The parameterization of curves is a crucial concept in evaluating line integrals. It involves representing a curve using a continuous mapping from a parameter, typically denoted as \(t\), into the coordinate space. In this particular problem, we deal with the curve described by the equation \(y = x^2\), which means each point on the curve is determined by its \(x\)-coordinate.

To parameterize this curve, we choose \(x\) as the parameter itself, denoted by \(t\). This choice is straightforward because for each \(x\) value, there's a corresponding \(y\) value, specifically \(t^2\). Therefore, the parametric equations are:

• \(x = t\)
• \(y = t^2\)

Where \(t\) ranges from -1 to 2 to trace the curve from the starting point \((-1, 1)\) to the endpoint \((2,4)\). This parameterization simplifies the integration process by allowing easy substitution into the integral expression.

Calculus plays a central role in understanding and solving problems involving line integrals. Specifically, calculus allows us to compute the integral of expressions over a path, which is useful for determining physical properties like work done by a force field along a path.

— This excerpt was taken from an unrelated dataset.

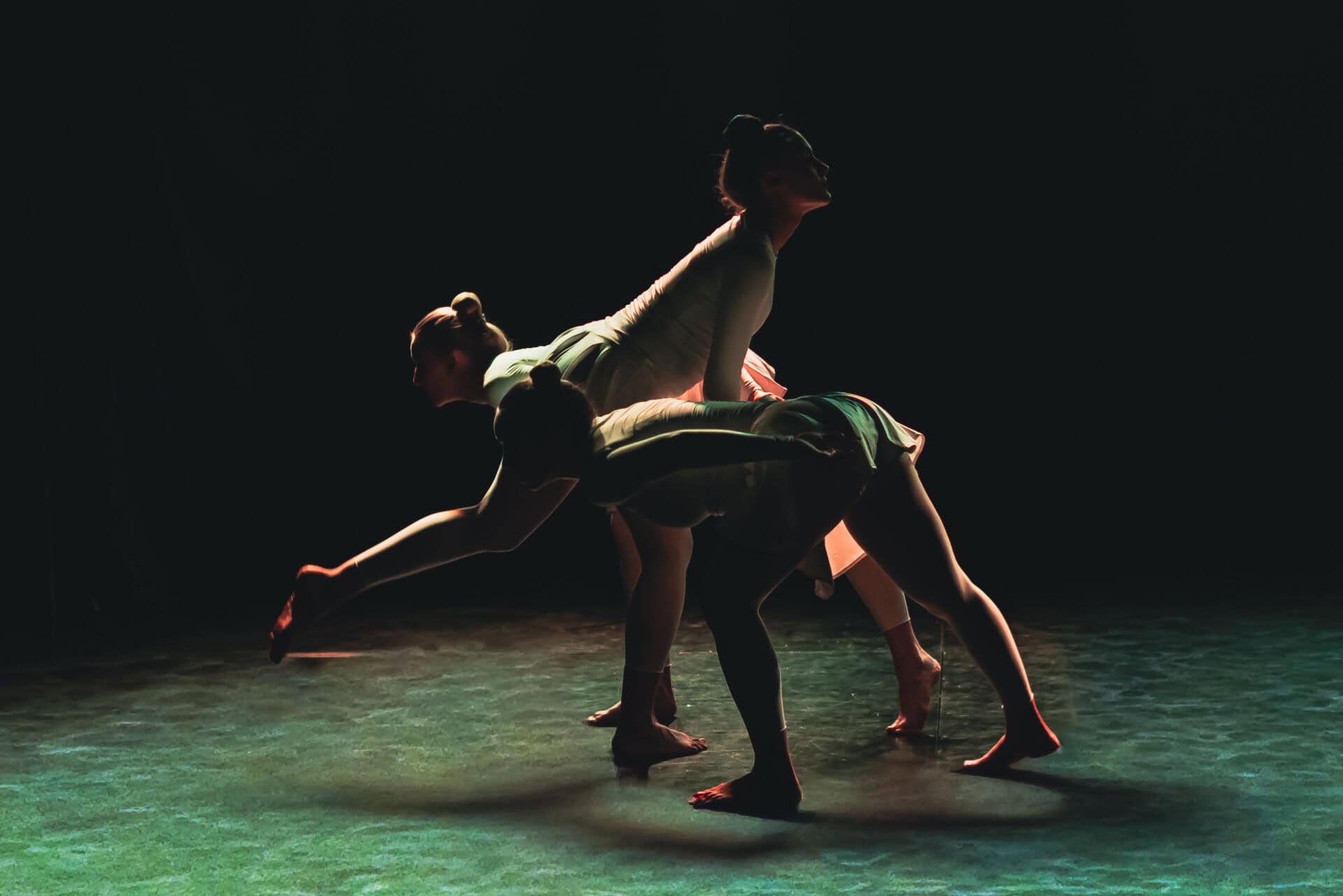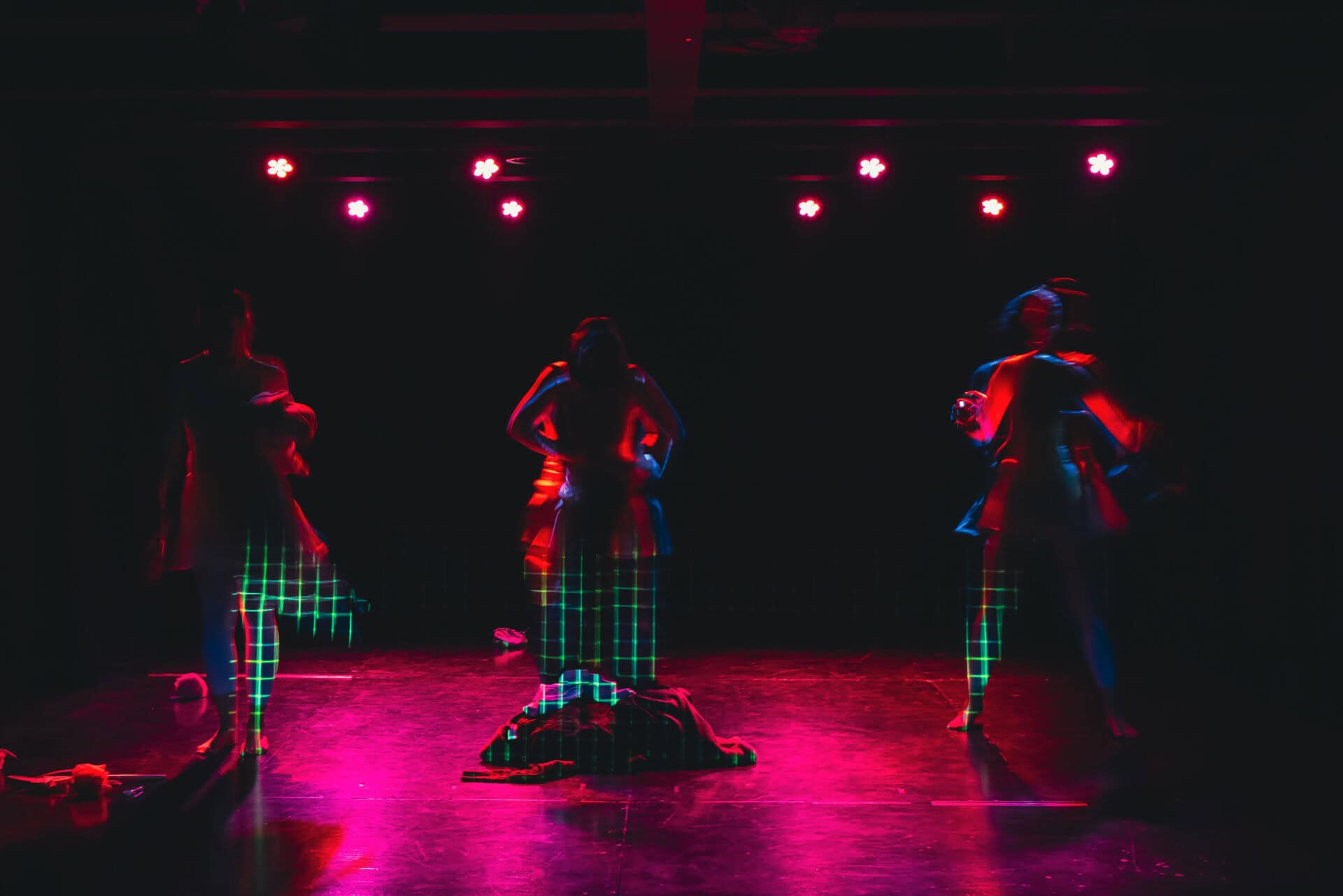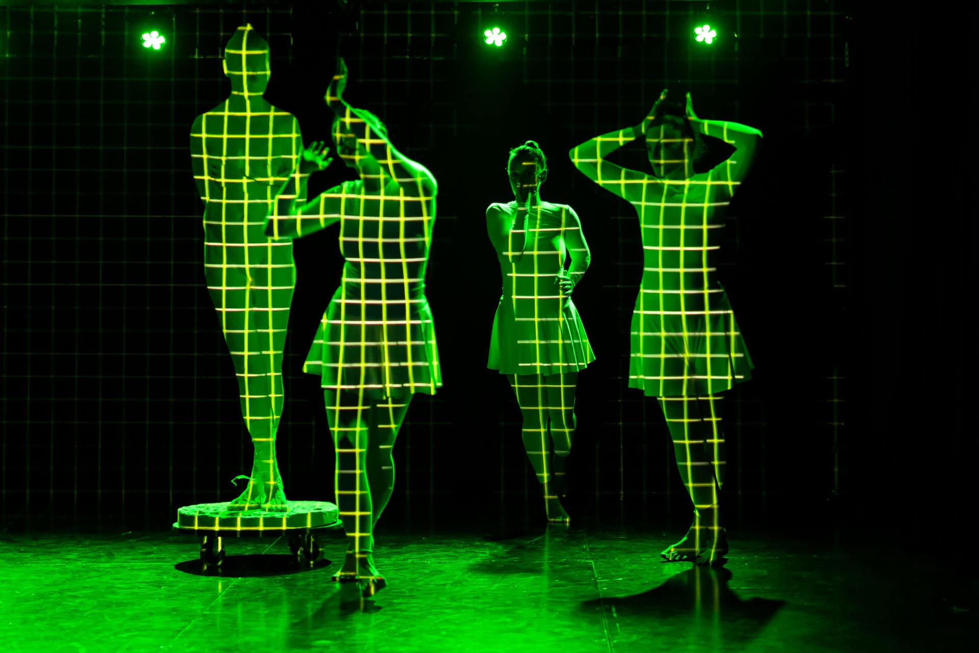 Projekt pa se vsebinsko navezuje na dediščino slovenskega sodobnega in izraznega plesa, predvsem na koreografijo Upor (1953) Žive Kraigher, ki je upor razumela kot telesni odziv na družbeni pritisk. Ta ideja upora se v naši predstavi prevaja v sodobni kontekst, v digitalni prostor algoritmov, filtrov in nenehnega samoopazovanja. Green Light District tako ni le kritika digitalne kulture, temveč poskus ponovne vzpostavitve telesne prisotnosti, avtonomije in človečnosti. Predstava gledalca postavi v vlogo udeleženca sistema, ki ga hkrati razgalja, in mu nastavi ogledalo, pri čemer vedno znova postavlja odprto vprašanje, koliko smo se pripravljeni v njem prepoznati.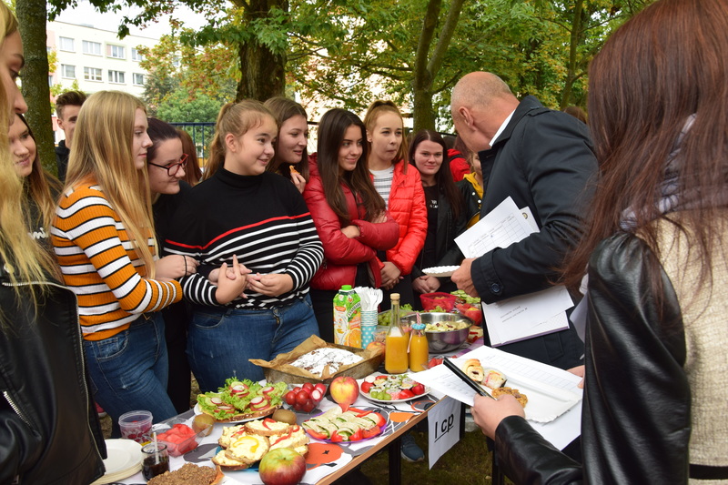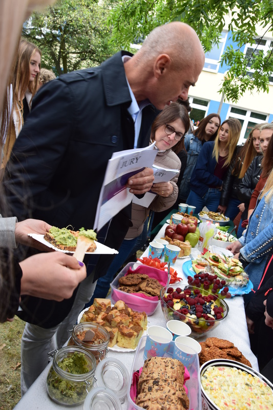Nie inaczej było również w tym roku. 25 września, na murawie przed budynkiem szkoły uczniowie prezentowali przygotowane przez siebie potrawy i przekąski, które oceniało szacowne jury w składzie: p. dyrektor, Piotr Drążkowski, p. wicedyrektor, Gabriela Gustowska, p. pedagog, Monika Lubas, p. Małgorzata Tyburska, nauczyciel biologii oraz p. Marcin Jurewicz, kierownik administracyjny.

Once the curve is parameterized, we differentiate the parametric equations to find \(dx\) and \(dy\). These are crucial for performing the integration. For our parameterization \(\mathbf{r}(t) = (t, t^2)\), we find:

• \(\frac{dx}{dt} = 1\) implies \(dx = dt\)
• \(\frac{dy}{dt} = 2t\) implies \(dy = 2t dt\)

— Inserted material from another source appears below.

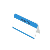 A name tag in office supplies context is a peel-and-stick adhesive label badge used for temporary identification at meetings, events, or offices.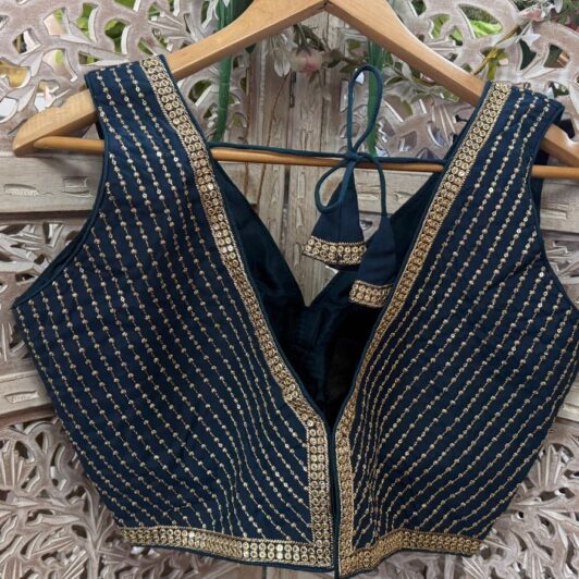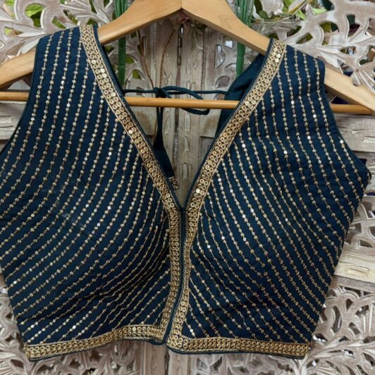 TEAL BLUE READY MADE SEQUIN BLOUSE READY TO DISPATCH HR12

With these derivatives, we can substitute into the line integral \(\int_C x y dx + (x + y) dy\) and express it entirely in terms of the parameter \(t\). Calculus provides the tools for differentiating, substituting, and ultimately simplifying and solving these expressions through integration.

Definite integrals are used to calculate the area under a curve or the accumulation of quantity across a certain interval. They are crucial when evaluating line integrals, as in this exercise.

The parameterized and simplified line integral expression becomes \(\int_{-1}^{2} (3t^3 + 2t^2) \, dt\). To solve this, we apply the fundamental theorem of calculus, which involves finding the antiderivative (also known as the indefinite integral) and then evaluating it at the specified bounds.

Here, the antiderivatives are:

• \( \int 3t^3 \, dt = \frac{3}{4}t^4\)
• \( \int 2t^2 \, dt = \frac{2}{3}t^3\)

By computing these antiderivatives and evaluating them from \(t = -1\) to \(t = 2\), we arrive at the numerical value for the original line integral. Definite integrals, therefore, provide the final solution, converting our parametric and differentiated expressions into a tangible numerical result.